Fixes

PDowney · web-flow · commit 0ab86cea7a7e · 2026-02-28T17:41:48.000-05:00
diff --git a/CHANGELOG.md b/CHANGELOG.md
@@ -7,6 +7,10 @@ and this project adheres to [Semantic Versioning](https://semver.org/spec/v2.0.0
 
 ## [Unreleased]
 
+### Fixed
+- **CSRF in admin_init**: Restored nonce verification in `admin_init()` before processing form data to prevent CSRF. The v1.5.1 removal was incorrect — without it, `$_POST` is accessed before any security check.
+- **XSS in Success Notice**: Wrapped `sprintf()` output in `esc_html()` (using `__()` instead of `esc_html__()` for the format string) to properly escape the final rendered output.
+
 ## [1.5.1] - 2026-02-23
 ### Fixed
 - **Double-Escaping in Product Dropdown**: Removed premature `esc_html()` calls in `get_products_for_dropdown()` that caused double-escaping when rendered. Escaping now occurs only at render time in `render_product_selection_field()`.

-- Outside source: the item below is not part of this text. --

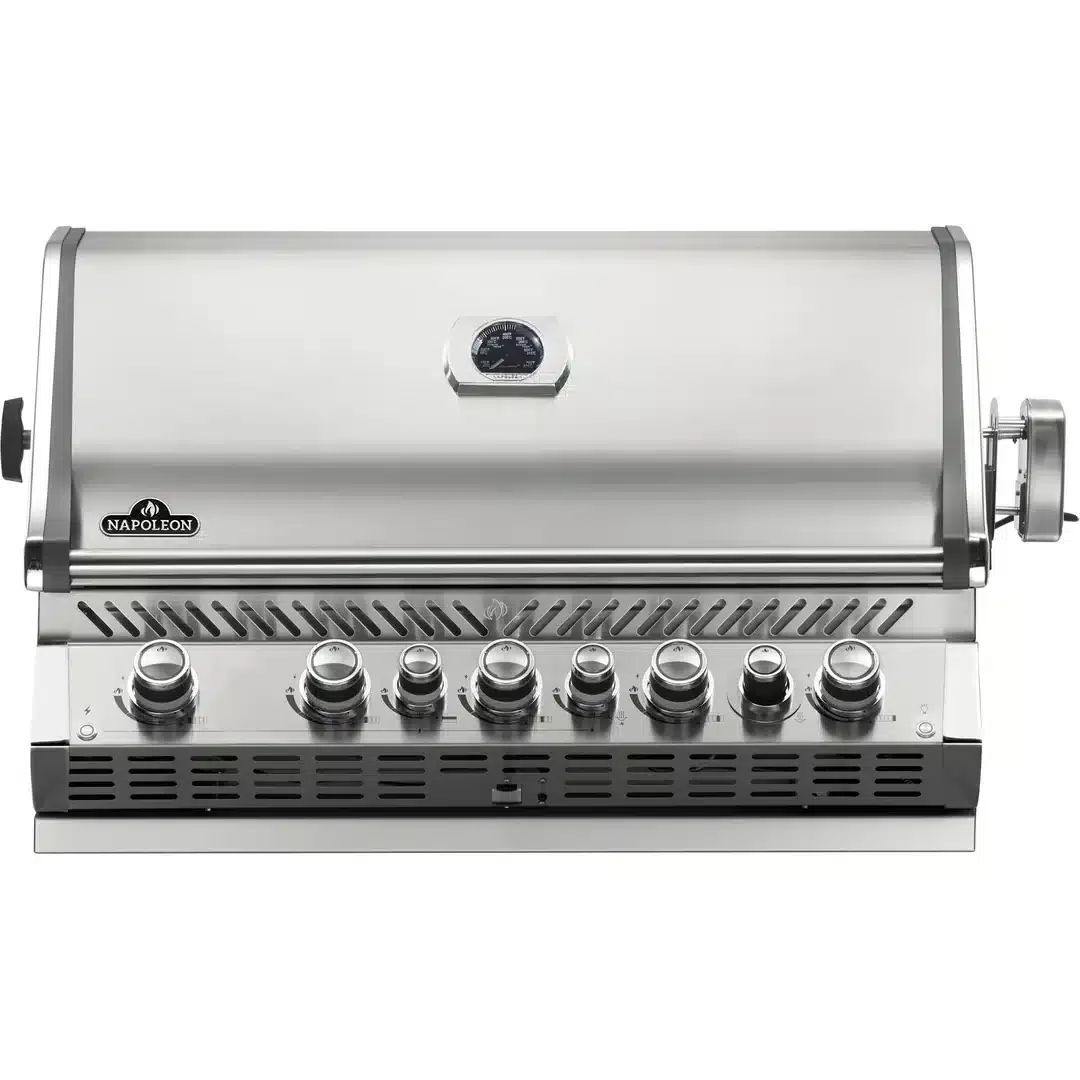 A gourmet outdoor kitchen deserves a centrepiece that’s as impressive as the meals you’ll create with it—and the Napoleon Built-in Prestige PRO™ 665 Natural Gas Grill with Infrared Rear Burner is just that. Designed to deliver outstanding performance and striking good looks, this spacious grill features seven powerful burners housed in sleek, durable stainless steel, enhanced with chrome accents for a touch of luxury.

diff --git a/free-gift-bulk-coupon-generator.php b/free-gift-bulk-coupon-generator.php
@@ -117,8 +117,11 @@ public function add_admin_menu() {
 	 * Initialize admin functionality
 	 */
 	public function admin_init() {
-		// Handle form submission — nonce verified inside handle_coupon_generation().
+		// Handle form submission with nonce verification.
 		if ( isset( $_POST['scg_generate_coupons'] ) ) {
+			if ( ! isset( $_POST['scg_nonce'] ) || ! wp_verify_nonce( sanitize_text_field( wp_unslash( $_POST['scg_nonce'] ) ), 'scg_generate_coupons_action' ) ) {
+				return;
+			}
 			$this->handle_coupon_generation();
 		}
 	}
@@ -243,10 +246,12 @@ function () {
 				'admin_notices',
 				function () use ( $generated_coupons ) {
 					echo '<div class="notice notice-success is-dismissible"><p>' .
-						sprintf(
-							/* translators: %d: Number of coupons generated */
-							esc_html__( 'Successfully generated %d coupons.', 'wc-free-gift-coupons-bulk-coupons-generator' ),
-							(int) $generated_coupons
+						esc_html(
+							sprintf(
+								/* translators: %d: Number of coupons generated */
+								__( 'Successfully generated %d coupons.', 'wc-free-gift-coupons-bulk-coupons-generator' ),
+								(int) $generated_coupons
+							)
 						) .
 						 '</p></div>';
 				}
diff --git a/readme.txt b/readme.txt
@@ -108,6 +108,10 @@ along with this program.  If not, see <https://www.gnu.org/licenses/>.
 
 == Changelog ==
 
+= Unreleased =
+* **CSRF Fix**: Restored nonce verification in `admin_init()` before processing form data.
+* **XSS Fix**: Properly escaped `sprintf()` output in success notice.
+
 = 1.5.1 =
 * **Double-Escaping Fix**: Fixed product names being double-escaped in the dropdown and success notices.
 * **Rate Limiting Fix**: Validation errors no longer lock users out for 5 minutes.